Después de estas solemnidades se han de considerar, sobre todo, las celebraciones que conmemoran acontecimientos salvíficos, en los que la Virgen estuvo estrechamente vinculada al Hijo, como las fiestas de la Natividad de María (8 setiembre), "esperanza de todo el mundo y aurora de la salvación" (19); de la Visitación (31 mayo), en la que la Liturgia recuerda a la "Santísima Virgen... que lleva en su seno al Hijo" (20), que se acerca a Isabel para ofrecerle la ayuda de su caridad y proclamar la misericordia de Dios Salvador (21); o también la memoria de la Virgen Dolorosa (15 setiembre), ocasión propicia para revivir un momento decisivo de la historia de la salvación y para venerar junto con el Hijo "exaltado en la Cruz a la Madre que comparte su dolor" (22).
También la fiesta del 2 de febrero, a la que se ha restituido la denominación de la Presentación del Señor, debe ser considerada para poder asimilar plenamente su amplísimo contenido, como memoria conjunta del Hijo y de la Madre, es decir, celebración de un misterio de la salvación realizado por Cristo, al cual la Virgen estuvo íntimamente unida como Madre del Siervo doliente de Yahvé, como ejecutora de una misión referida al antiguo Israel y como modelo del nuevo Pueblo de Dios, constantemente probado en la fe y en la esperanza del sufrimiento y por la persecución (cf.
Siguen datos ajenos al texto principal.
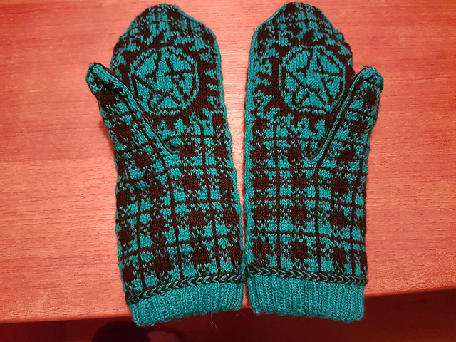 They are made with KnitPicks Palette yarn, in the colourways Marina and Black, and I lined them with some red Palette in the Serrano colourway. I really like them, even though they are a little bit big, but the lining helped a bit with that.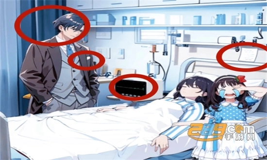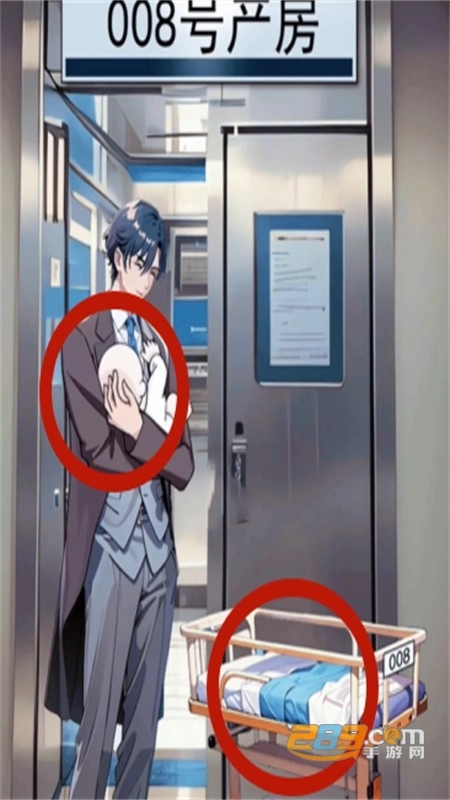 首先依照下图来摆放角色,接着点击心电图、欠费通知单、男人的表情以及口袋里的亲子鉴定。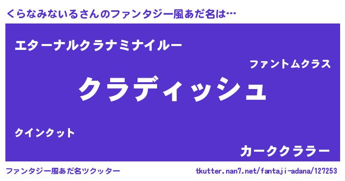 | ヒーロー風カッコイイあだ名 | 『ネオクラナミナイル』『天弓騎士クラ』 |

Lc 2, 21-35).

Por más que el Calendario Romano restaurado pone de relieve sobre todo las celebraciones mencionadas más arriba, incluye no obstante otro tipo de memorias o fiestas vinculadas a motivo de culto local, pero que han adquirido un interés más amplio (11 febrero: la Virgen de Lourdes; 5 agosto: la dedicación de la Basílica de Santa María); a otras celebradas originariamente en determinadas familias religiosas, pero que hoy, por la difusión alcanzada, pueden considerarse verdaderamente eclesiales (16 julio: la Virgen del Carmen; 7 octubre: la Virgen del Rosario); y algunas más que, prescindiendo del aspecto apócrifo, proponen contenidos de alto valor ejemplar, continuando venerables tradiciones, enraizadas sobre todo en Oriente (21 noviembre: la Presentación de la Virgen María); o manifiestan orientaciones que brotan de la piedad contemporánea (sábado del segundo domingo después de Pentecostés: el Inmaculado Corazón de María).


Ni debe olvidarse que el Calendario Romano General no registra todas las celebraciones de contenido mariano: pues corresponde a los Calendarios particulares recoger, con fidelidad a las normas litúrgicas pero también con adhesión de corazón, las fiestas marianas propias de las distintas Iglesias locales. Y nos falta mencionar la posibilidad de una frecuente conmemoración litúrgica mariana con el recurso a la Memoria de Santa María "in Sabbato": memoria antigua y discreta, que la flexibilidad del actual Calendario y la multiplicidad de los formularios del Misal hacen extraordinariamente fácil y variada.

EXHORTACIÓN APOSTÓLICA MARIALIS CULTUS DE SU SANTIDAD PABLO VI (2-9)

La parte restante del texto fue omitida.